Карторн О`Нилл и вправду был одним из сотни таковых в своём роду. Не по годам сильный и крепкий мальчик, что несмотря на то, что был рождён зимой, оказался настолько живеньким и ненасытным, что выпил всё молоко из грудей своей матери: его пришлось вскармливать в хлеву, корове, вместе с другими телятами. И никакой мороз не брал его горячей крови.
Когда мальчик подрос и ему исполнилось семь, он уже был грозным малым: таким крупным и развитым, что поговаривали, будто бы в его роду были гиганты. Это сложно отрицать, ведь по одной из историй он завалил голыми руками борова. Другие звучали менее радостно и показывали крутой юношеский нрав Карторна.
К примеру, однажды, после очень успешной охоты, лидер охотников селения пригласил всех ремеслянников и бойцов селения, в том числе и дядю, отца и старших братьев Карторна, на большой пир. Мальчишку оставили дома, как слишком молодого для таких собраний. Но Карторн очень желал отправиться на праздник и отличиться перед воителями. Потому, он тайком выскользнул из своего дома и отправился к дому местных охотников.
Во дворе того дома, на него набросился сторожевой пёс главного охотника, отличавшийся такой силой и свирепостью, что бросившись вперёд на мальчика, он цепь, на которую был посажен, вместе с куском конуры к которой та крепилась. Завязалась жестокая драка, в ходе которой Карторн не умом, но чистой грубой силы завалил гончую, свернув ей шею одним яростным усилием.
На шум драки сбежались все воины в доме. Их сильно удивил, позабавил и впечатлил “подвиг” ребёнка, но главный охотник потребовал от отца мальчика возмещения за убитого любимца. А потому мужчина, сильно подуставший от выходок и жестокости собственного наказал тому охранять дом охотника день и ночь, пока не подрастут щенки убитой им собаки, до тех же пор ему закрыта дорога на порог своего родного дома.

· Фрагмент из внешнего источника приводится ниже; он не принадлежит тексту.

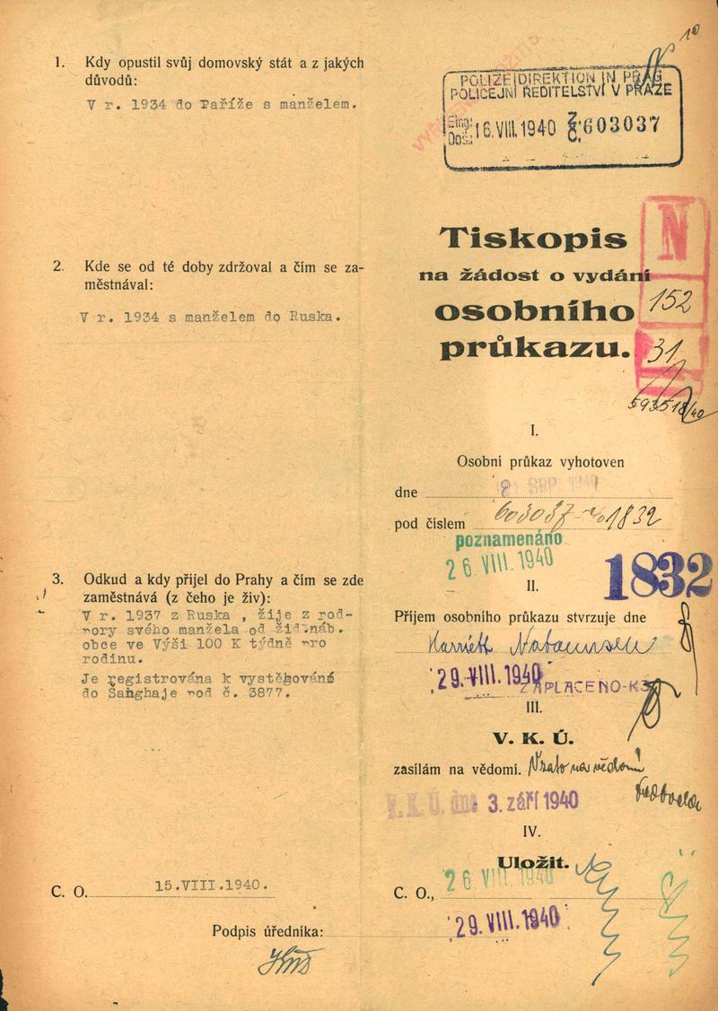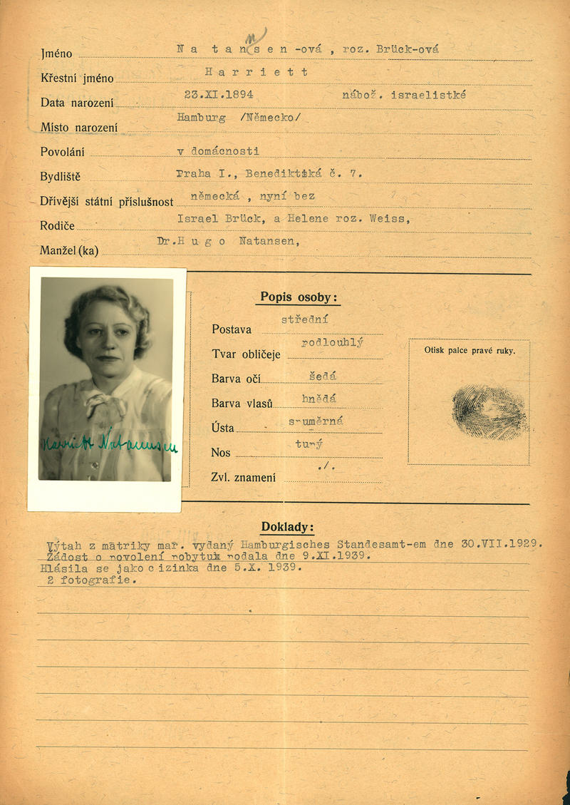 Natannsenová Harrieta: Žádost o vydání občanské legitimace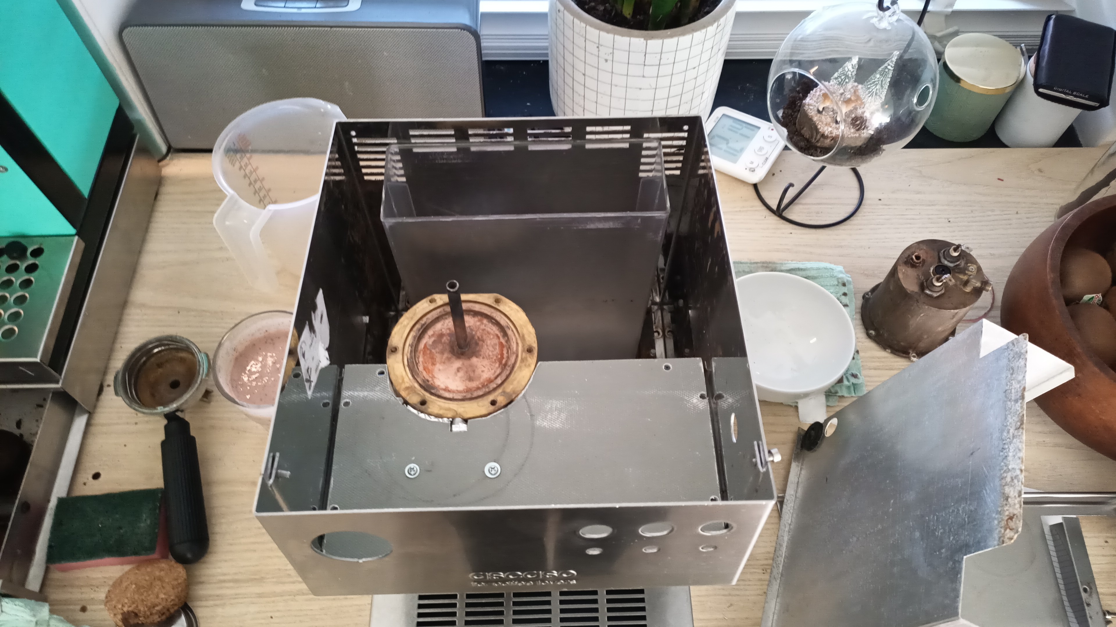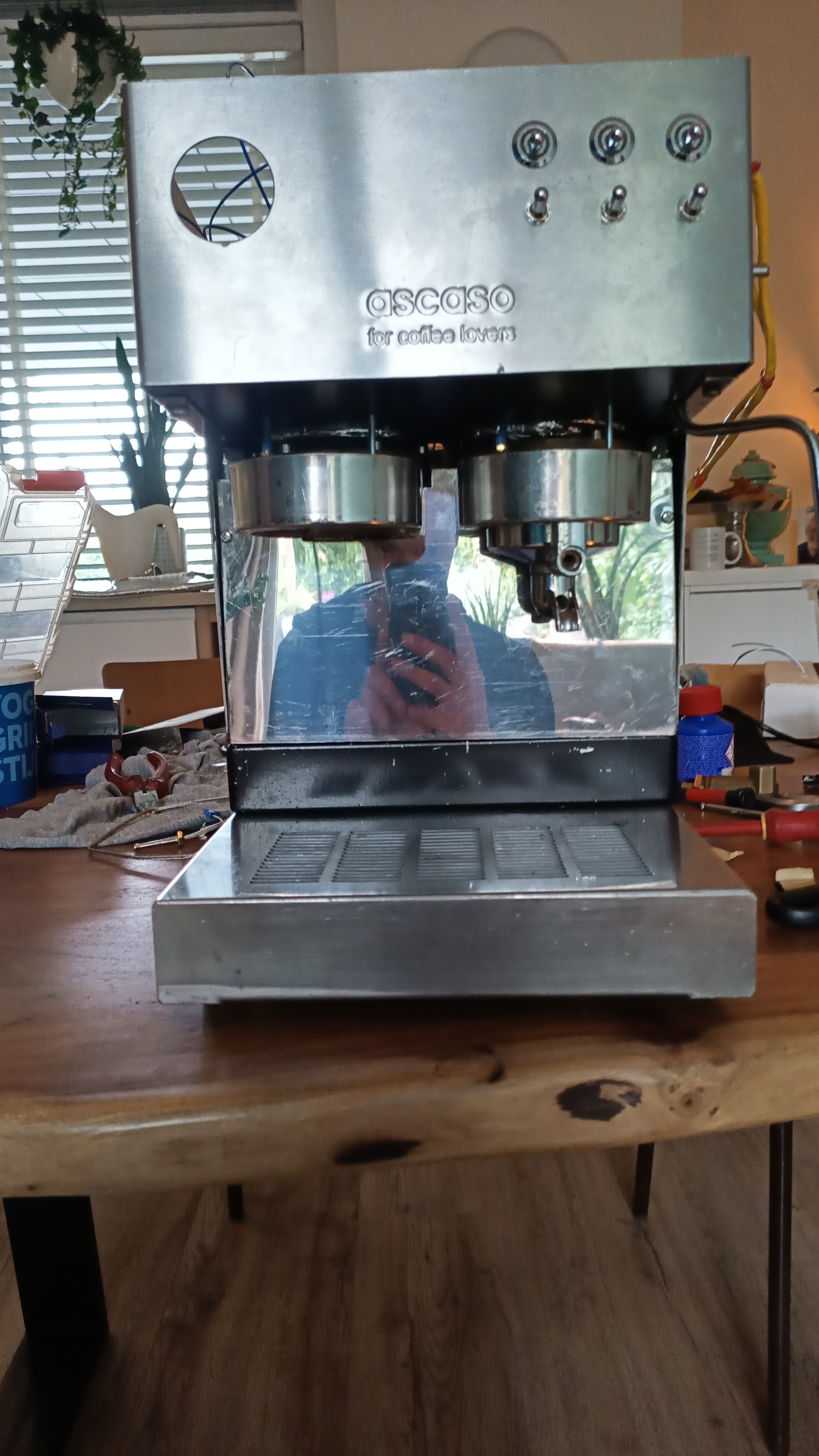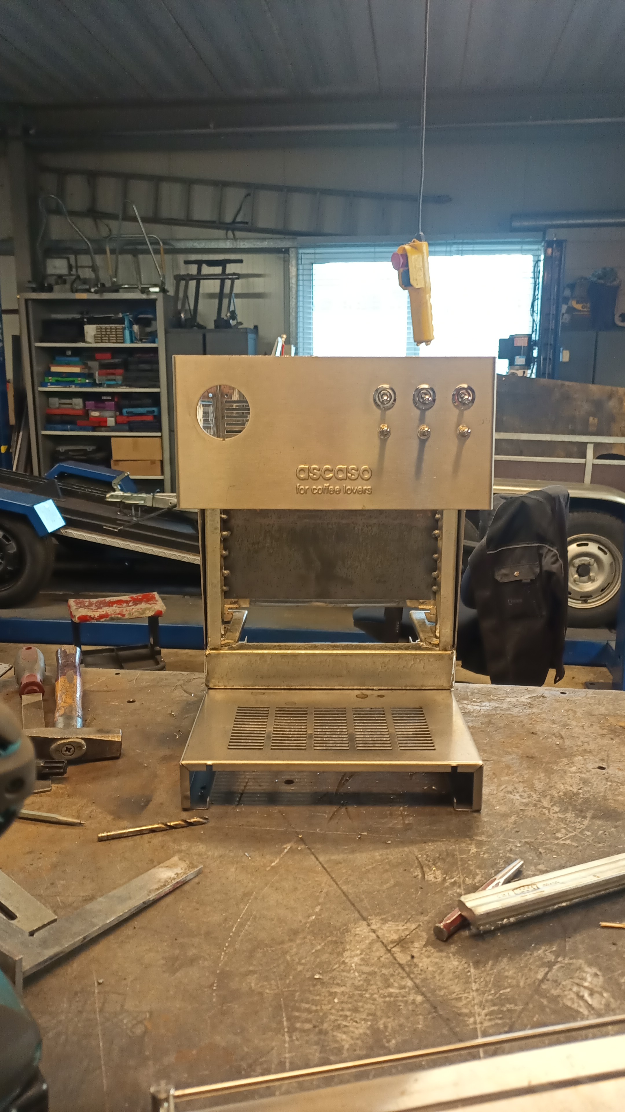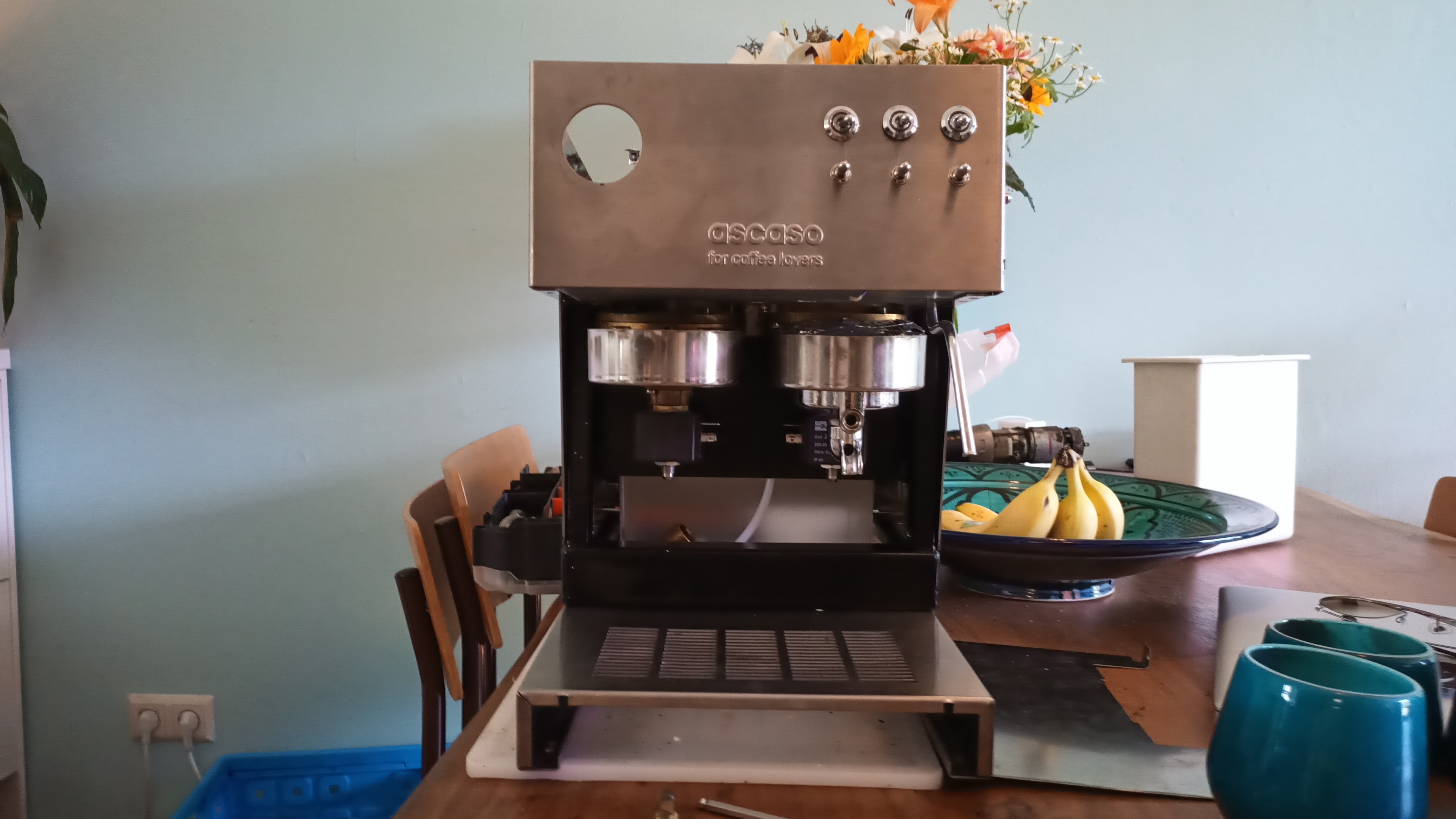 Na enig zoeken kwam er een Ascaso Steel Uno Professional op mijn pad, met allerlei defecten, waar de beide boilers in zouden moeten passen. Om de boilers op hun plek te houden heb ik een nieuw frame gemaakt, dat het bovendeel van de behuizing zodanig verhoogt dat ik mijn weegschaal beter kan gebruiken tijdens het zetten.

И мальчик честно принял своё наказание, дав обет и вправду служить главе охотника верным стражем. Его признали как воина, но не признали как мужчина. Ведь настоящий мужчина не убивает тех, кто слабее его, а наоборот — защищает тех, кто нуждается в помощи. Два года с того дня мальчик простоял перед домом охотника, ожидая пока щенки станут сильнее. Он пережил пожар, охвативший деревню, срубая все деревья вокруг дома охотника, роя траншеи за десятерых и таская с реки воду бадьями. Он встретил честно отряд разбойников, что пробрались в поселение под покровом ночи и пытались первым делом убить охотника с его семьёй: Карторн заманил их в дом, расставляя капканы и ловушки, победив превосходящего противника теперь уже хитростью, а не только своей врождённой мощью.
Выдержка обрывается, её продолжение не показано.